Pandora’s New Data Not Turning Heads | Digital – Advertising Age

It’s been about a year since streaming-radio company Pandora went public at a valuation of $3 billion. Since then, the company has been pushing for a universal audience-measurement service tracking both traditional and internet radio — arguing Pandora isn’t getting the crack it deserves at the $14 billion local-radio ad market.

John Trimble

John Trimble

–> Tired of waiting for radio-audience-measurement standard Arbitron, Pandora has inked a deal with Triton Digital to report measurement metrics such as average-quarter-hour and cumulative audience for Pandora. The resulting numbers are impressive: On a national level, the Triton metrics show that Pandora is the largest radio network for listeners age 18 to 49 when the results are compared to traditional radio networks measured by Arbitron. Results in local markets show strong penetration as well. Pandora’s ad revenue was $70.6 million in the most recent quarter, up 62% year over year. Total revenue was $80.8 million.
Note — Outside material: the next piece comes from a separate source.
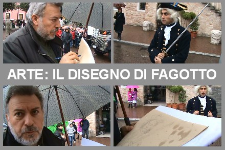 Chi è appassionato di Arte lo conosce di sicuro, Fagotto è un personaggio particolare, lo conosco da una vita, in quanto portogruarese, ma non ci avevo mai parlato insieme, più volte l’ho visto disegnare “in presa diretta” per la Città, e così è stato anche questa volta, tutto nato per caso, sotto la pioggia in una piazza “viva” che ha ispirato l’artista, quasi obbligato a fermare con la matita quel momento di vita…

But media agency buyers surveyed by Ad Age, all of whom already do a good deal of business with Pandora, seem less impressed with what Pandora Chief Revenue Officer John Trimble trumpeted as a “game changer” in a recent interview. “The agencies and marketers are really looking for easy ways to compare both broadcast and digital radio,” he said.

Though the buying execs said the numbers are good to have, they noted that alone won’t lead to increased advertising on Pandora. Kevin Gallagher, exec VP-local activation for Starcom, said his agency continues to buy more with Pandora each year and that the lack of a unified measurement metric hasn’t been an inhibitor.

Joe Kennedy

Joe Kennedy

–> “I don’t know that we have had clients saying, “Because we don’t have a common metric, we don’t trust your judgment,’” he said. “I’ve been able to sell Pandora into clients because intuitively they know it’s the right thing and know the audience is there.”

Would measurement from Arbitron have a greater impact? Mr. Gallagher’s response seems to imply that it would. “In a perfect world, all audio would be measured by the same source and the same panel,” he said, “because then the ratings that we’re getting would truly be apples to apples.”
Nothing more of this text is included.